Finding roots among the brambles

By Jim Dodson

Not long after dawn on New Year’s Day, my wife, Wendy, and I picked our way through a patch of misty briar-choked woods to the base of an Interstate bridge that spans the Haw River in Alamance County.

One hundred fifty years ago, my father’s great-grandfather operated a gristmill on the banks of the Haw, one of the state’s most important rivers. His name was George Washington Tate. As a kid, I’d seen the remains of the long-abandoned mill sitting at the river’s edge below the railings of the bridge, overgrown with weeds but clearly visible.

Half a century later, I was curious to see if the ruins of the mill might still be there.

George Washington Tate was something of gentrified Jack-of-all-trades — accomplished land surveyor, cabinetmaker, gristmill owner and prominent figure in the affairs of his church and economic development of neighboring Alamance and Orange counties. I grew up hearing that he was the man who officially established the legal boundaries of the state’s central counties following the Civil War. Greensboro’s Tate Street, which borders the campus of UNCG, is reportedly named for him.

Bits of family lore hold that old GWT was a circuit-riding deacon or lay minister who helped establish several Methodist churches across the western Piedmont, another that he forged the original bell in the Hillsborough courthouse.

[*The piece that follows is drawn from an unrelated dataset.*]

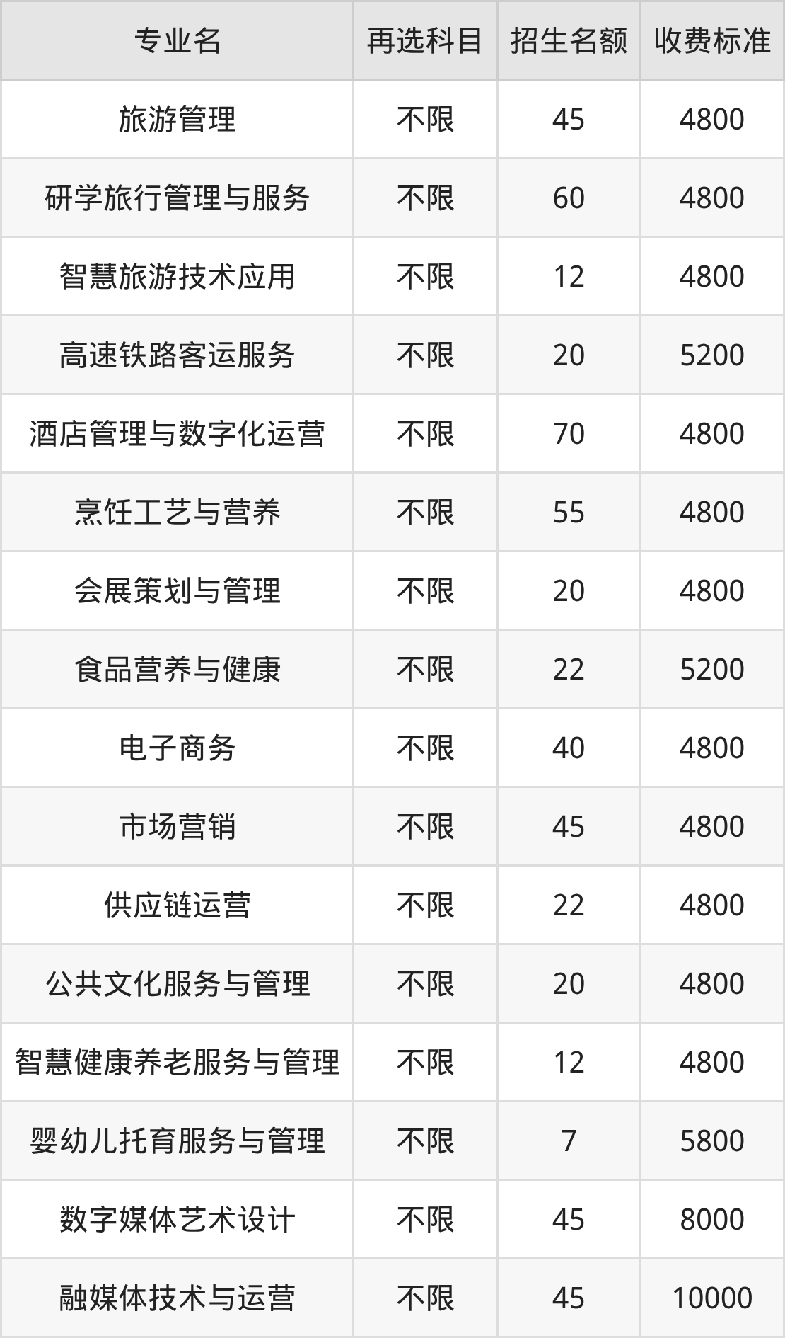 | 高职专科批 | 历史 | 旅游管理 | 45 |

The tale that has long fascinated me, however — first told to me by a pair of elderly spinster great-aunts named Josie and Ida, who lived into their 90s on Buckhorn Road east of Mebane — was that my father’s grandmother (Tate’s youngest daughter, Emma) was actually an orphaned Cherokee infant Tate “adopted” and brought home from a circuit ride out West, adding to a family that already included three sons and three daughters.

My dad soon confirmed this. As a kid, he’d spent many of his happiest summers as a kid staying with Aunt Emma at her farm off Buckhorn Road near Dodson’s Corners, and often talked about his grandmother’s closeness to the land and keen knowledge of natural medicines made from native plants he had sometimes helped her gather. “To a lot of her friends and neighbors, Aunt Emma was the community’s healer,” he explained to my older brother and me one Christmastime when we went to shoot mistletoe out of the huge red oaks that grew around her abandoned home place. “In those days the only doctor around was over in Hillsborough, 20 miles away.” He added, almost as a wistful afterthought: “She was happiest out in the woods and fields and knew the names of every plant. Local people loved and depended on her.”

Aunt Emma died in 1928, when my father was just 13. Aunt Emma was 70.

“She was an old lady,” he told me many years later, “but her death was shocking — the way she died. For years it was our family’s darkest secret, the thing nobody spoke about. No one saw it coming.”

Aunt Emma reportedly hanged herself from a beam of the house she shared with her husband, Jimmy. Years later, my father’s take on this was that she was challenged living with a foot in two worlds.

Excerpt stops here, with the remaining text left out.